Re: SELECT MIN, MAX took longer time than SELECT COUNT, MIN, MAX

Tom Lane <tgl@xxxxxxxxxxxxx> · Fri, 20 Jan 2006 13:51:14 -0500

"Jim C. Nasby" <jnasby@xxxxxxxxxxxxx> writes:
> On Fri, Jan 20, 2006 at 12:35:36PM +0800, K C Lau wrote:
> Here's the problem... the estimate for the backwards index scan is *way*
> off:

>> ->  Limit  (cost=0.00..1.26 rows=1 width=4) (actual 
>> time=200032.928..200032.931 rows=1 loops=1)
>> ->  Index Scan Backward using pk_log on 
>> log  (cost=0.00..108047.11 rows=86089 width=4) (actual 
>> time=200032.920..200032.920 rows=1 loops=1)
>> Filter: (((create_time)::text < '2005/10/19'::text) AND 
>> (logsn IS NOT NULL))
>> Total runtime: 200051.701 ms

It's more subtle than you think.  The estimated rowcount is the
estimated number of rows fetched if the indexscan were run to
completion, which it isn't because the LIMIT cuts it off after the
first returned row.  That estimate is not bad (we can see from the
aggregate plan that the true value would have been 106708, assuming
that the "logsn IS NOT NULL" condition isn't filtering anything).
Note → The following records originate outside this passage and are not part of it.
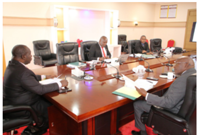
Board's Audit Committee during a session at the headquarters.
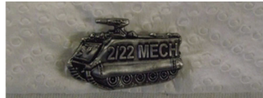
Triple Deuce Track Pin $5.00 + $3.00 shipping
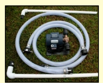
Radio Transfer Pump Kit

The real problem is that it's taking quite a long time for the scan
to reach the first row with create_time < 2005/10/19, which is not
too surprising if logsn is strongly correlated with create_time ...
but in the absence of any cross-column statistics the planner has
no very good way to know that.  (Hm ... but both of them probably
also show a strong correlation to physical order ... we could look
at that maybe ...)  The default assumption is that the two columns
aren't correlated and so it should not take long to hit the first such
row, which is why the planner likes the indexscan/limit plan.

			regards, tom lane